- Action item
Since the records include pictures, leave those out while you reproduce exactly and only the lines from the one containing "Te wyjątkowe kolczyki" through the one containing "Direktoriaus kabinete ant", inclusive.

### Extracted entries

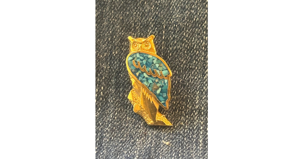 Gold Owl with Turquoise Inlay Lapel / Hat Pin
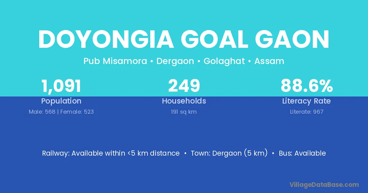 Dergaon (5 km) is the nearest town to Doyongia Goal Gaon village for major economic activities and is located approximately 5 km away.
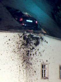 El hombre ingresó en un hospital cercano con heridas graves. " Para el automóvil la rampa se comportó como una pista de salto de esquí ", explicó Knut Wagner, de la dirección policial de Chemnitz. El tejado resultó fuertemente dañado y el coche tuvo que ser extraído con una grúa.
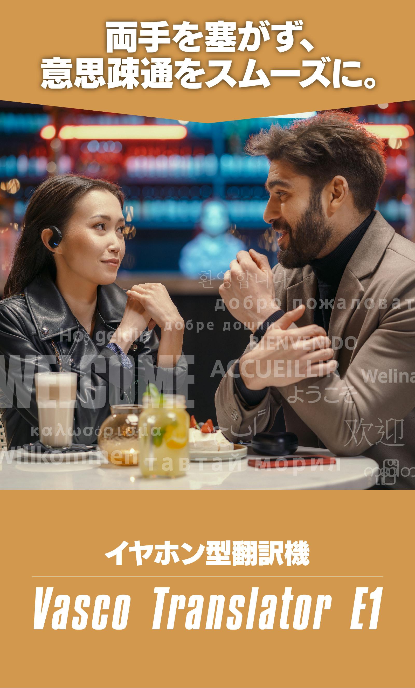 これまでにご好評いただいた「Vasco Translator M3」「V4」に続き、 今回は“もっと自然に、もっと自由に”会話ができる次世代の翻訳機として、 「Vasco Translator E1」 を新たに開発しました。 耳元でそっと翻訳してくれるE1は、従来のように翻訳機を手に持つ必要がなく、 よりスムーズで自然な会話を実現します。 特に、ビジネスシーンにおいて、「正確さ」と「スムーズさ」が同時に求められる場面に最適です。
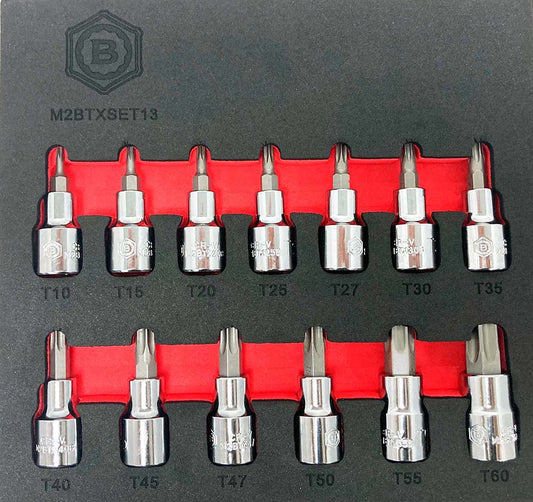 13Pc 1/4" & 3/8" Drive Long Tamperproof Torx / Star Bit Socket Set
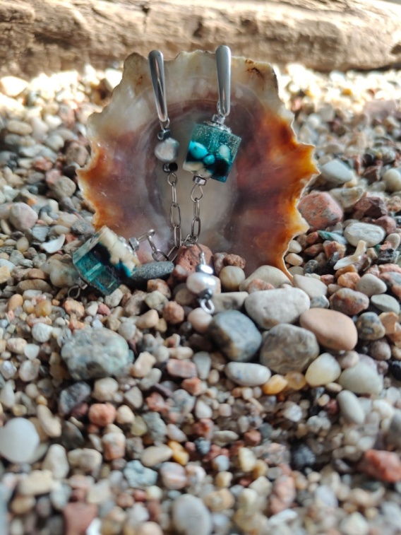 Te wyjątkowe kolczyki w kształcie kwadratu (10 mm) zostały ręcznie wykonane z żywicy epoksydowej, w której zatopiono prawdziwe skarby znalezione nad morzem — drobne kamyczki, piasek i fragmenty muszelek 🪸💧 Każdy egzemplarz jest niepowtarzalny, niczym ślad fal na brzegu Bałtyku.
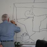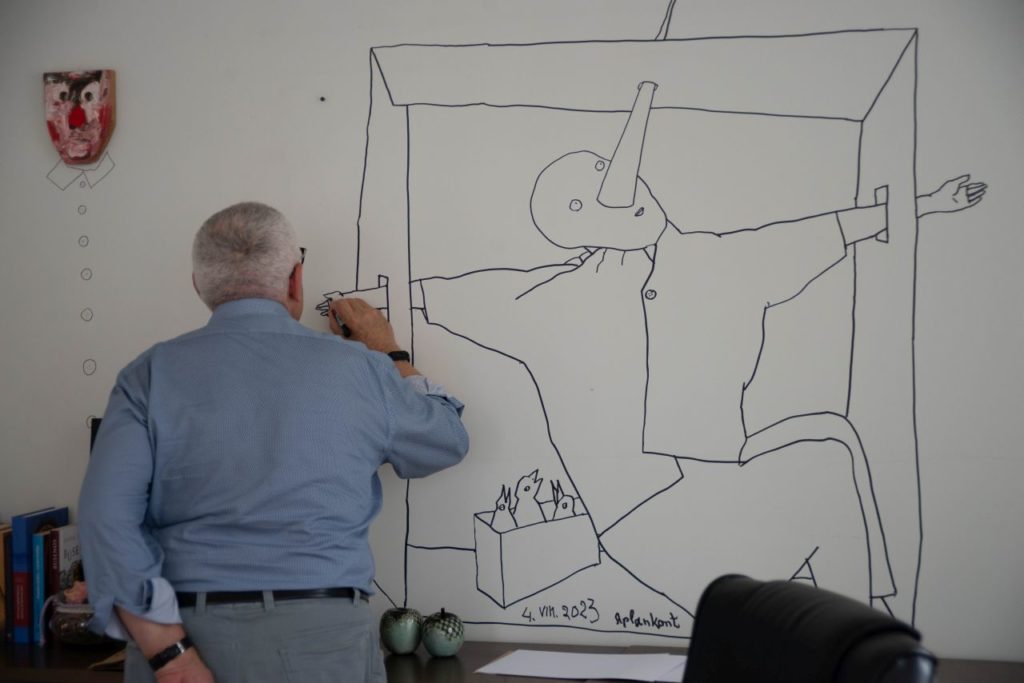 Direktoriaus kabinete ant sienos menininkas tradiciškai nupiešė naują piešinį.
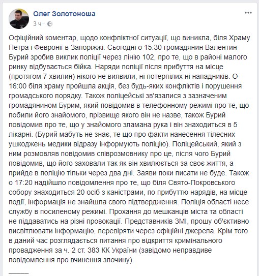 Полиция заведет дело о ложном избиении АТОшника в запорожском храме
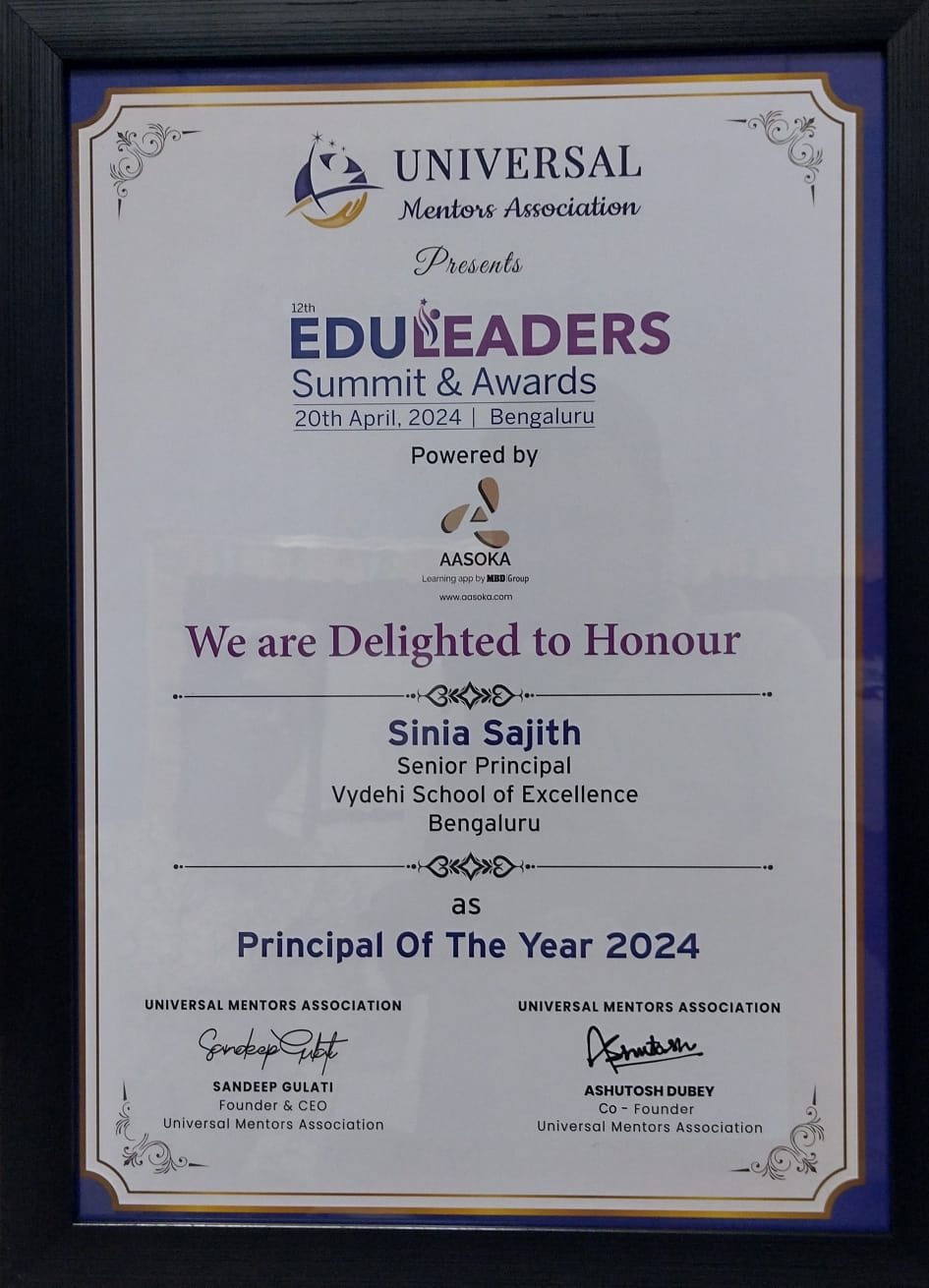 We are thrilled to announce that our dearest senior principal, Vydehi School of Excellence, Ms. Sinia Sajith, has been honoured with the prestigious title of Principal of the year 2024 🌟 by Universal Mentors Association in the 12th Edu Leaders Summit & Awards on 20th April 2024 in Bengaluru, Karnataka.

######

- Response
 Te wyjątkowe kolczyki w kształcie kwadratu (10 mm) zostały ręcznie wykonane z żywicy epoksydowej, w której zatopiono prawdziwe skarby znalezione nad morzem — drobne kamyczki, piasek i fragmenty muszelek 🪸💧 Każdy egzemplarz jest niepowtarzalny, niczym ślad fal na brzegu Bałtyku.
 Direktoriaus kabinete ant sienos menininkas tradiciškai nupiešė naują piešinį.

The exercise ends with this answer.